## DATA EXTRACTS
<<<<

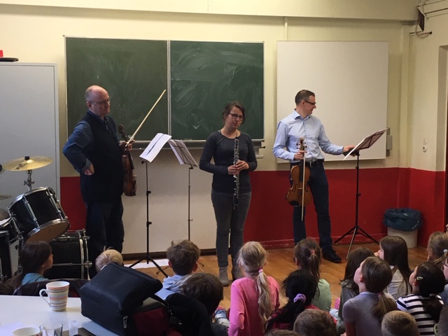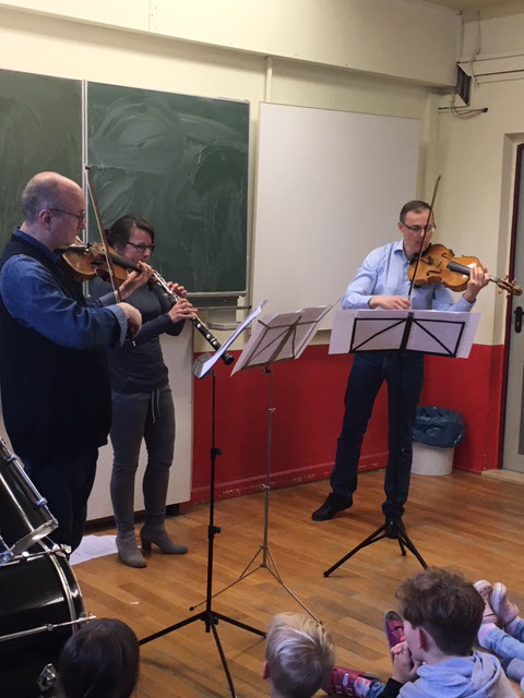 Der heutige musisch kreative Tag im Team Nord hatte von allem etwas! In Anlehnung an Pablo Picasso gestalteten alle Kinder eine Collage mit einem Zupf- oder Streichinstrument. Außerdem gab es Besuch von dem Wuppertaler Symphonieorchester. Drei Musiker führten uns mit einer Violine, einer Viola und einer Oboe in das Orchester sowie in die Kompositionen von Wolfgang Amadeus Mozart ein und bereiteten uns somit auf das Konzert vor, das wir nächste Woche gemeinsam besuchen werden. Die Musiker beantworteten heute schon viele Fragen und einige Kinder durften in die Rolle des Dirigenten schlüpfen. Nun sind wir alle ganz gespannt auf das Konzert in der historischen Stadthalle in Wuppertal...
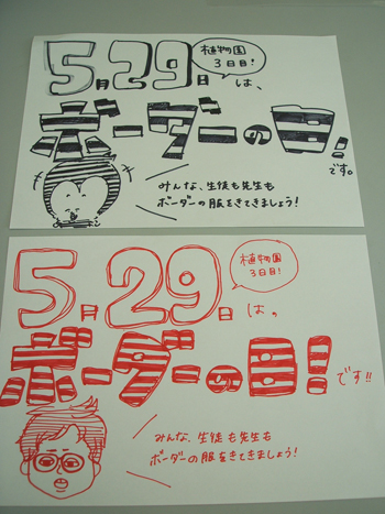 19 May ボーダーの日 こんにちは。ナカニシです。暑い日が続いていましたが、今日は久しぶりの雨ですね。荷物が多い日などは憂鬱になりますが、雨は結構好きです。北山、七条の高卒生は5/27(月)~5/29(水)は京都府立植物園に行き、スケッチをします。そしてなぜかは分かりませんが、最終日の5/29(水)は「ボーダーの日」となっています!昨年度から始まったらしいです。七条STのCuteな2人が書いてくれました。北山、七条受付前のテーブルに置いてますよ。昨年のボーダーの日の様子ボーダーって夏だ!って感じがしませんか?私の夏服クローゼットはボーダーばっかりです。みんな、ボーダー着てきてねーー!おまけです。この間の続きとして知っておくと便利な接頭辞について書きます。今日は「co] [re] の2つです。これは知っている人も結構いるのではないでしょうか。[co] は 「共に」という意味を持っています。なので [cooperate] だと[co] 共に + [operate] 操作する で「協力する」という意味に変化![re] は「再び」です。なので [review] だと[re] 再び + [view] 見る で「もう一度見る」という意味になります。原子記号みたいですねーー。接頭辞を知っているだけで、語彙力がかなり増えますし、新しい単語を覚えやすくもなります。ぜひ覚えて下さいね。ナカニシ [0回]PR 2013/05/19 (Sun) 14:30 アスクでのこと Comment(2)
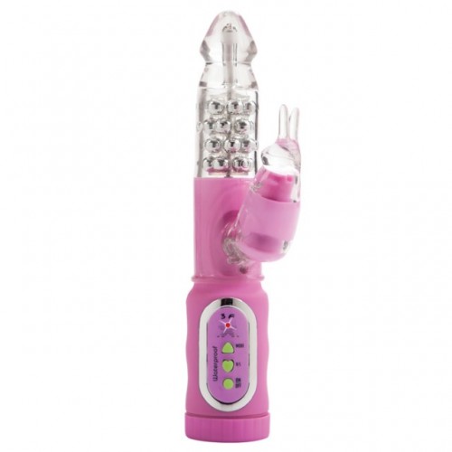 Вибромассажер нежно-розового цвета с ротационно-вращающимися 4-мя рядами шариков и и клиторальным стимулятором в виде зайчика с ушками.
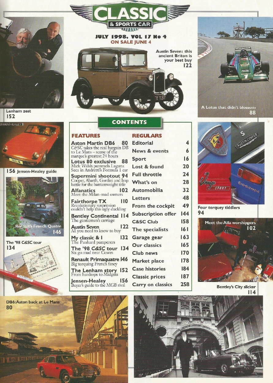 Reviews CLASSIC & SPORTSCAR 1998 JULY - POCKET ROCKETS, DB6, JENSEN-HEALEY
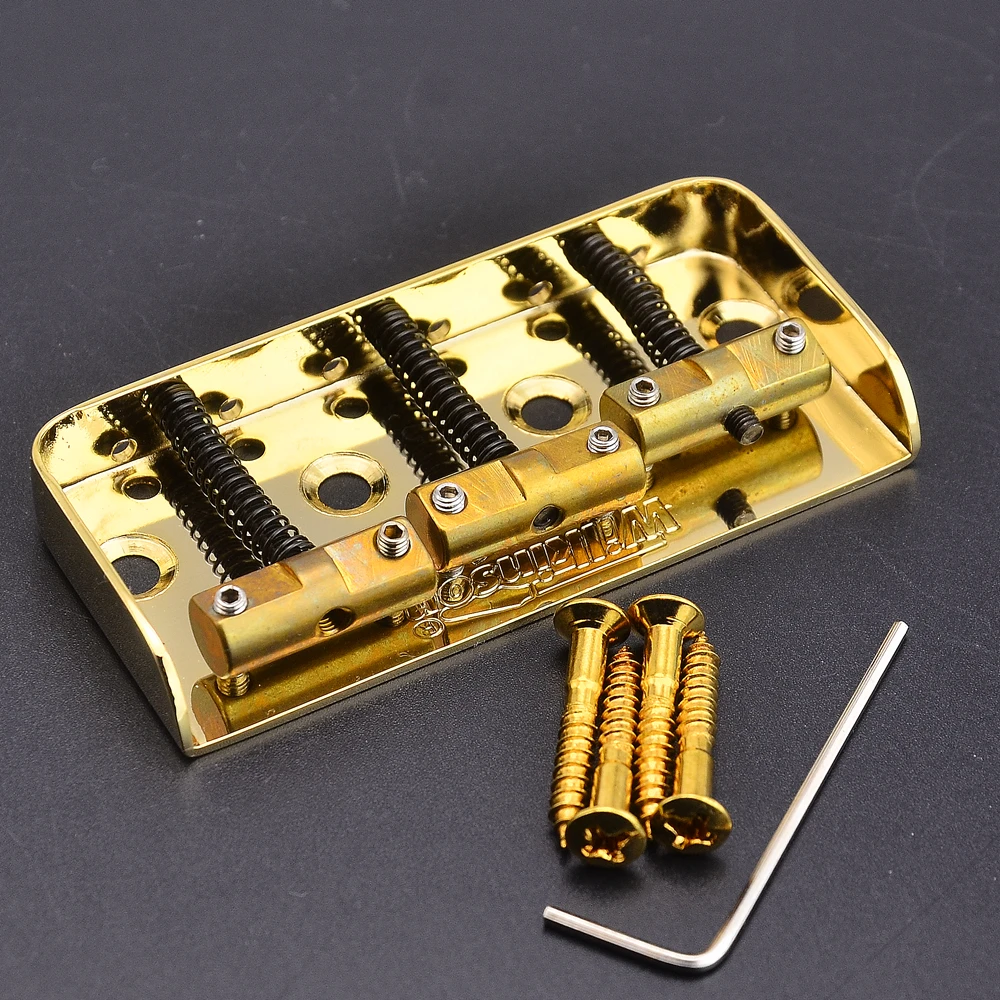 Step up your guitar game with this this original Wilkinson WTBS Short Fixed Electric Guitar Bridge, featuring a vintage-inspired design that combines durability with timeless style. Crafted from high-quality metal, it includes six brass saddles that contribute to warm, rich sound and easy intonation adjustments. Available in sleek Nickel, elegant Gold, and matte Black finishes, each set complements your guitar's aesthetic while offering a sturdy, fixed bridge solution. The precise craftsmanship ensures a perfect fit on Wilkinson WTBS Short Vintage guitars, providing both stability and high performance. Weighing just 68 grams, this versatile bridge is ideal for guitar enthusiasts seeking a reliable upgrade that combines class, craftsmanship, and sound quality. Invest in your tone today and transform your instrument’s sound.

>>>>
<<<<

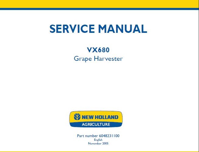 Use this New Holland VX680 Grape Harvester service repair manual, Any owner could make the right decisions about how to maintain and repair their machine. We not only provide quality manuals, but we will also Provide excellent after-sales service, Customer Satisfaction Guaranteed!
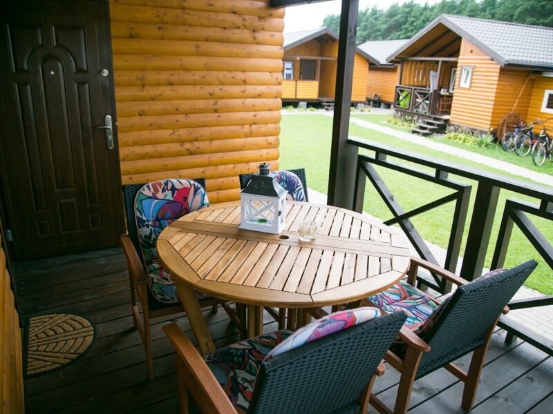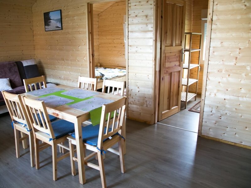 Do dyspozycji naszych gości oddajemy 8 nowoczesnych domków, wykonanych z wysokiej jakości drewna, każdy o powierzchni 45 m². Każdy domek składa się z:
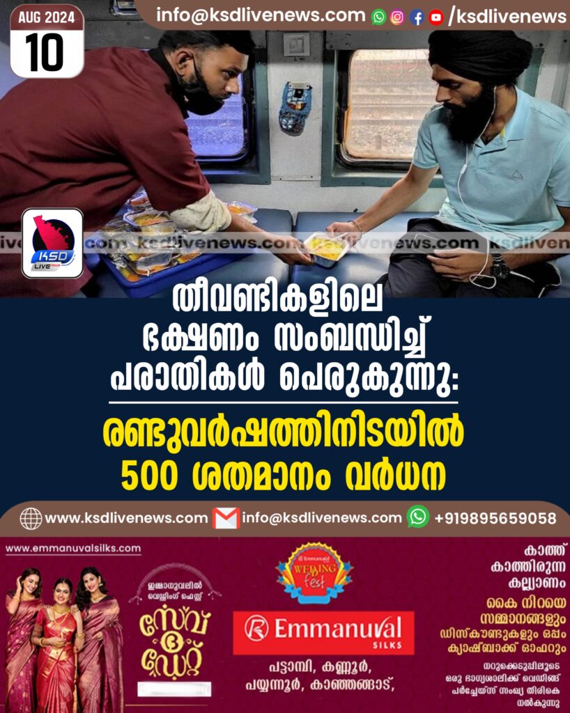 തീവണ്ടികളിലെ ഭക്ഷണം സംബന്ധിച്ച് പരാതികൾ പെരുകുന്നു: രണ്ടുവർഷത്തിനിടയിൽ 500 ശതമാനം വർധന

>>>>

## REQUIRED WORK
After locating "Use this New" and "തീവണ്ടികളിലെ ഭക്ഷണം സംബന്ധിച്ച്" in the records above, return exactly the line holding each one and every line between them; leave out the pictures.

## RESULT
 Use this New Holland VX680 Grape Harvester service repair manual, Any owner could make the right decisions about how to maintain and repair their machine. We not only provide quality manuals, but we will also Provide excellent after-sales service, Customer Satisfaction Guaranteed!
 Do dyspozycji naszych gości oddajemy 8 nowoczesnych domków, wykonanych z wysokiej jakości drewna, każdy o powierzchni 45 m². Każdy domek składa się z:
 തീവണ്ടികളിലെ ഭക്ഷണം സംബന്ധിച്ച് പരാതികൾ പെരുകുന്നു: രണ്ടുവർഷത്തിനിടയിൽ 500 ശതമാനം വർധന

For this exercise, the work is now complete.